CI/CD Pipeline Architecture

Overview

The ML Pipelines project uses a fully automated CI/CD pipeline powered by GitHub Actions and Databricks Asset Bundles. The pipeline implements a 4-tier deployment strategy (sandbox, dev, staging, prod) with progressive promotion gates ensuring production safety while maintaining developer velocity.

Architecture Principles

GitHub OIDC Authentication: Passwordless authentication using OpenID Connect federation
Service Principal Isolation: Each environment has its own dedicated service principal
Progressive Deployment: Automatic deployment through environments with validation gates
Infrastructure as Code: All resources defined in YAML and deployed via Databricks Asset Bundles
Binary Promotion: Models trained in staging are promoted (not retrained) to production

Deployment Workflow

For complete deployment workflow details and step-by-step instructions, see Deployment Guide.

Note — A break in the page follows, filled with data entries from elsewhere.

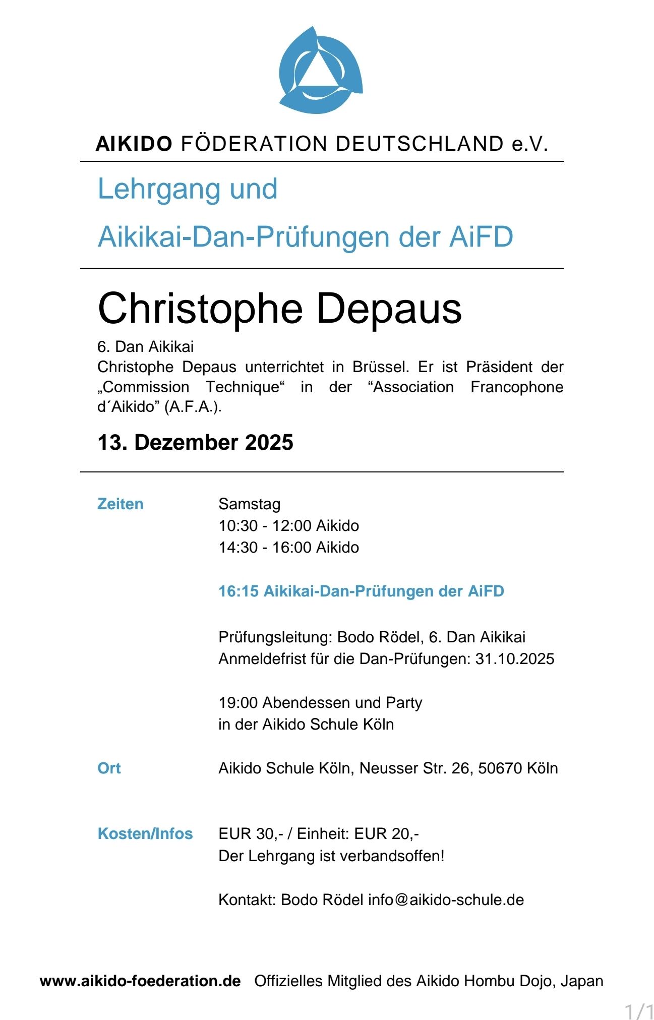 13.12.2025 Lehrgang und Aikikai-Dan-Prüfungen in der Aikido Schule Köln
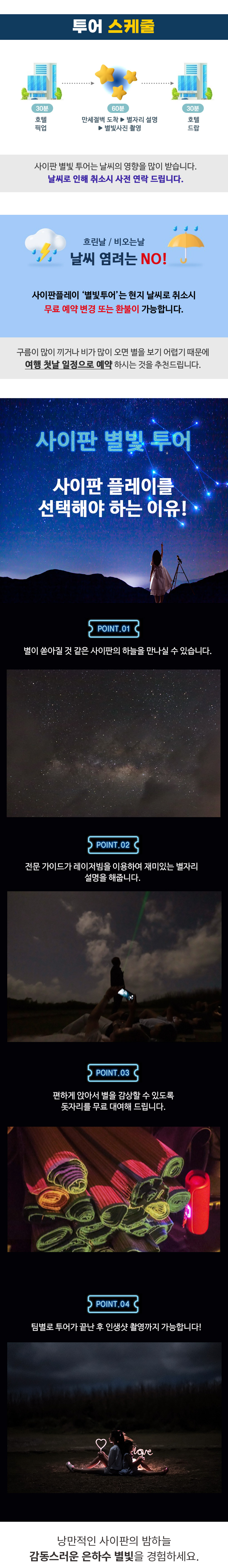 - 별빛 투어는 폭우가 있을 경우 일정 변경을 위해 가급적 여행 첫 날 예약을 추천드립니다.
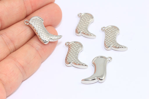 7,8x20 mm Rodyum Kaplamalı Çizme Takıları, Dokulu Kovboy Çizmesi Kolye Ucu, AG31
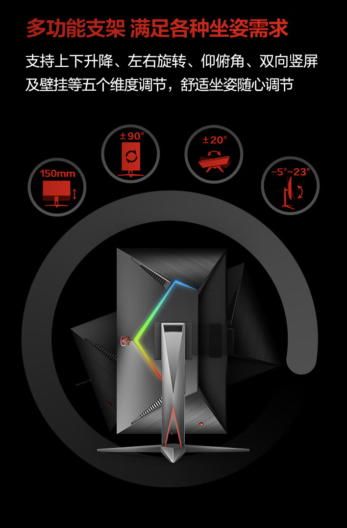 此外,这款显示器支架 支撑 歪斜 / 俯仰 / 横竖 / 升降,显示器本体 支撑?VESA 100x100mm?壁挂,提供 2?个 HDMI 2.1 接口、1 个 DP1.4 接口、1 个 3.5mm 音频接口 。
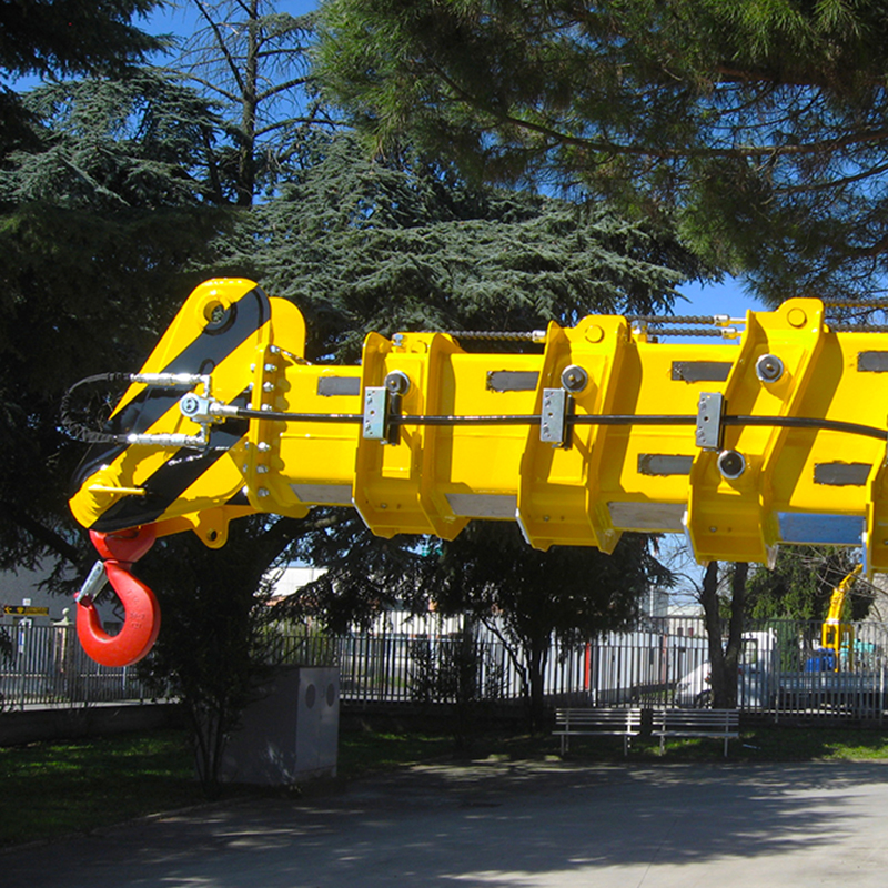 4 następujące po sobie odcinki teleskopowe: 1 odcinek nieruchomy i 3 odcinki hydrauliczne, po bokach regulowane nylonowe płyty zapobiegające zużyciu Sterowanie wysięgnikiem: Rozdzielacz proporcjonalny sterowany dżojstikiem, motopompa 20 kW / 96 V (motopompa serwisowa) |
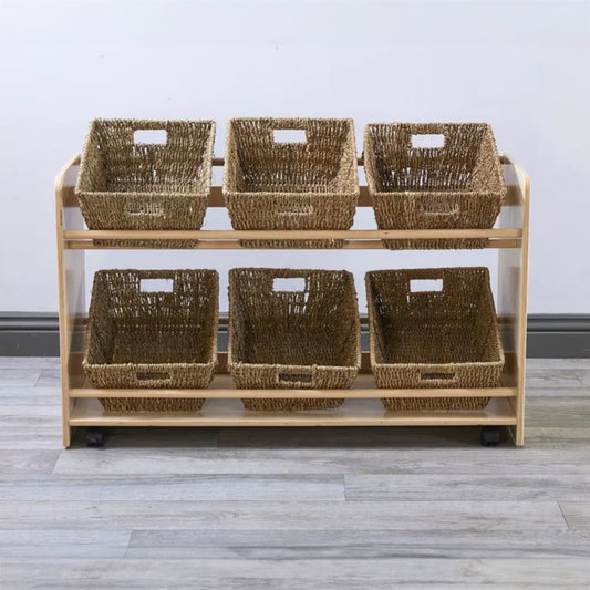 Rookie Range - Open Mobile Basket Shelf With Seagrass Baskets
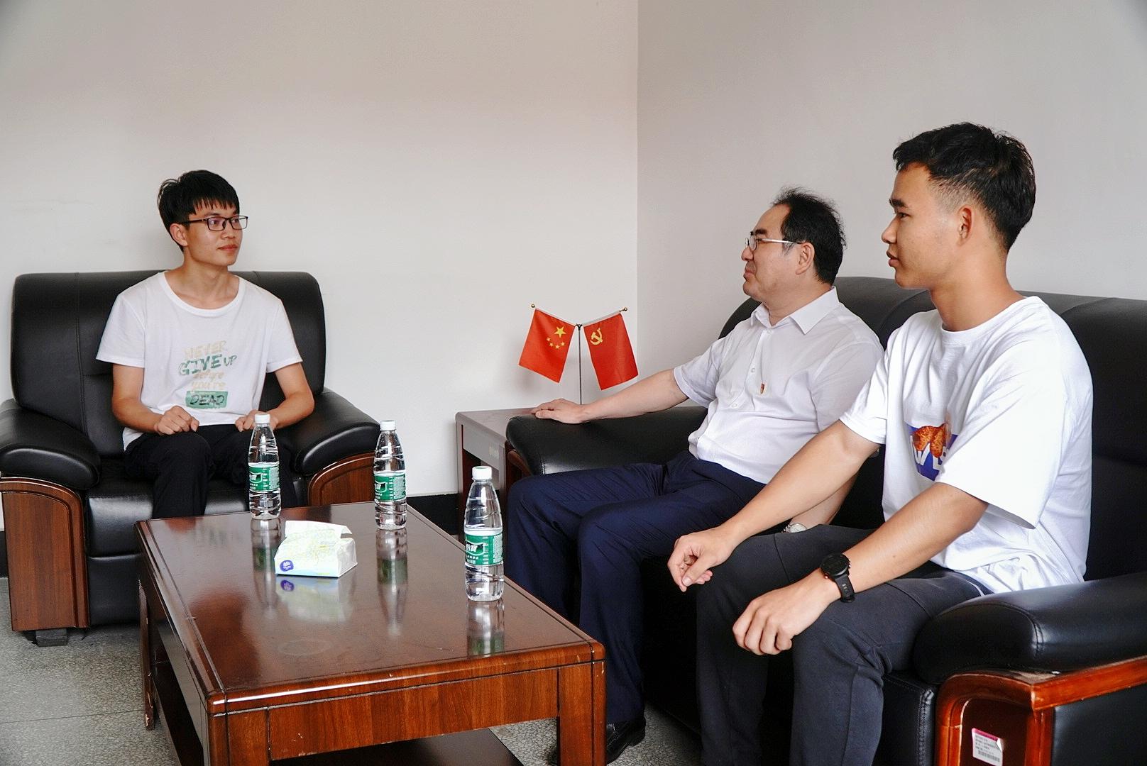 在交谈中,田辉玉得知张靖康同学想报考本校yl23455永利金融专硕,并且倾向于以后选择王滨教授作为研究生导师时,他马上询问王滨教授的办公室地址,立即现场“牵线搭桥”,带张靖康同学“上门认亲”。他向王滨教授介绍了张靖康同学的基本情况和报考意愿,并与王滨教授一起分析了张靖康同学的考研复习进展情况,就存在的困难与问题进行了深入沟通交流,他表示“孩子们有考研想法,是一件非常好的事情,我们要全力支持。特别是对第一志愿报考我们自己学校的员工来说,这既是对你的一种信赖,也是对我们学校办学质量的一种认可,我们要尽其所能的‘扶上马、送一程’”。他提请王滨教授多关心张靖康同学的考研复习情况,多给予关注指导。他勉励张靖康要坚定信心,主动多跟王滨教授汇报自己复习状况,遇到问题多向王滨教授学习请教,积极寻求指导与帮助。他叮嘱学院经理、书记,要持续深入了解员工需求,为考研员工提供更具针对性、更优质的服务。
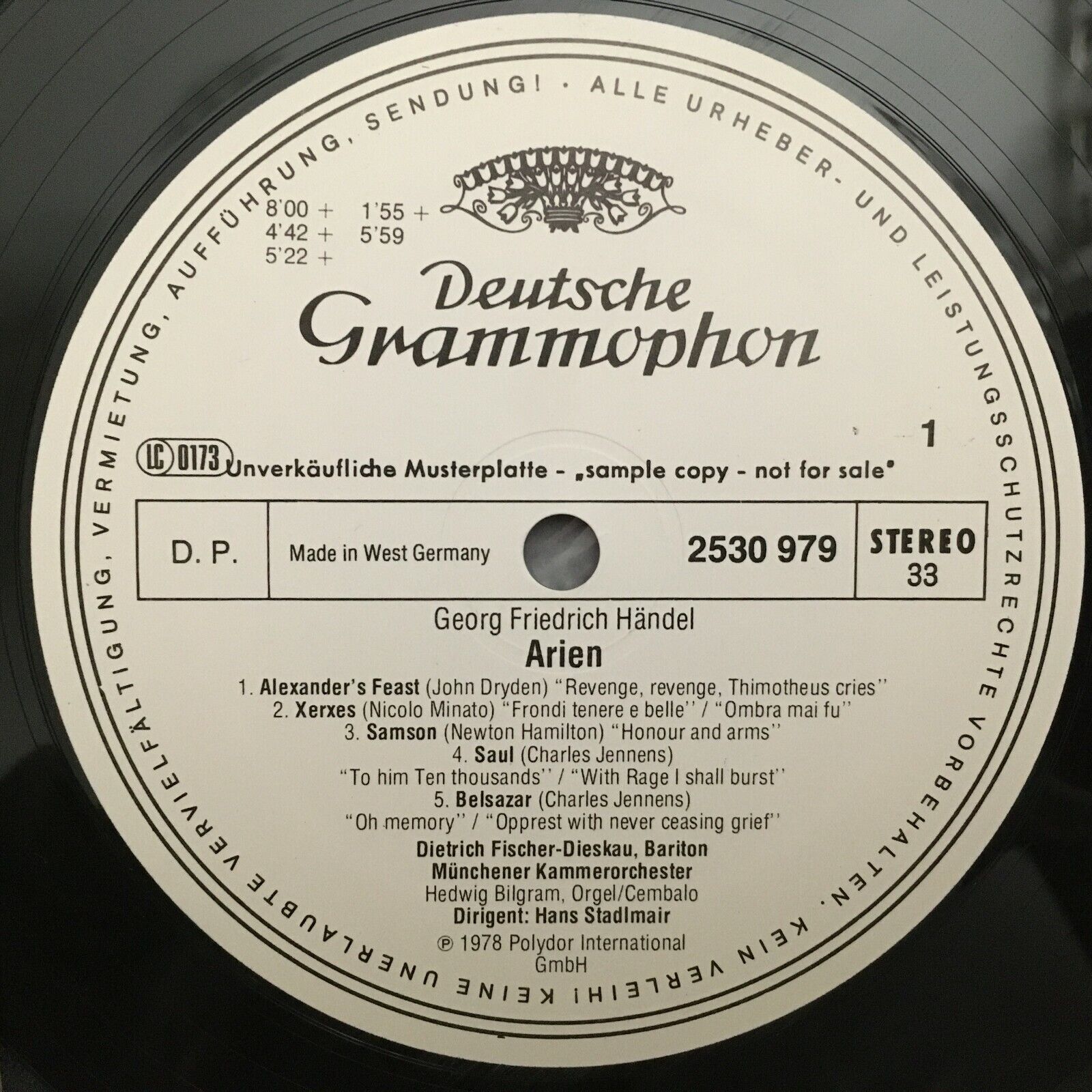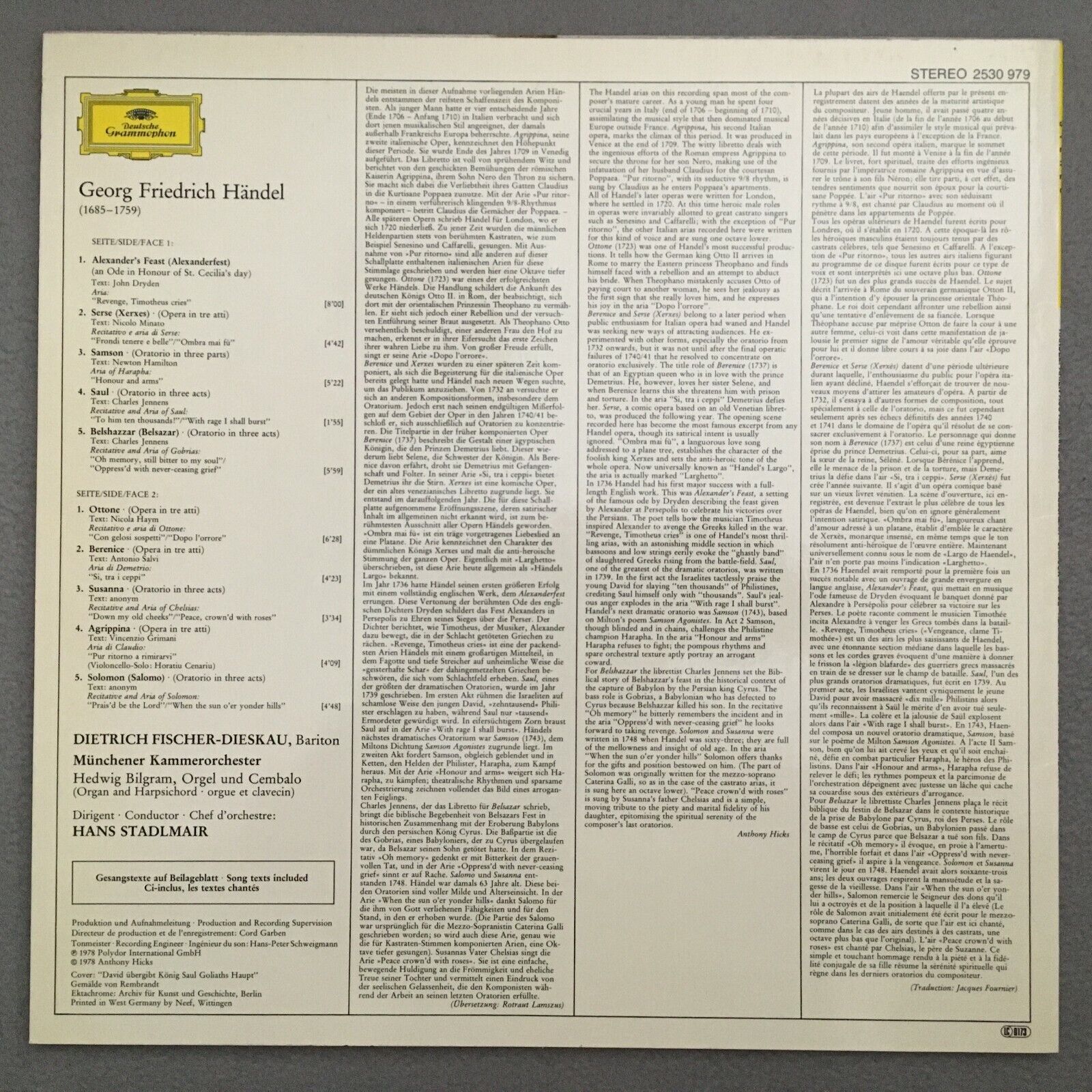V248 Handel Arias Fischer-Dieskau Bilgram Stadlmair DGG 2530 979 Stereo PROMO

The deployment follows a 4-tier strategy (Sandbox → Dev → Staging → Prod) with progressive promotion gates. See ADR-001: Four-Tier Deployment Architecture for the architectural rationale.

Workflow Summary

Sandbox: Developer local testing (make deploy → personal catalog)
Dev: Automatic on PR merge (CI/CD via GitHub OIDC)
Staging: Automatic after dev success (with approval gate)
Production: Automatic after staging success (with approval gate)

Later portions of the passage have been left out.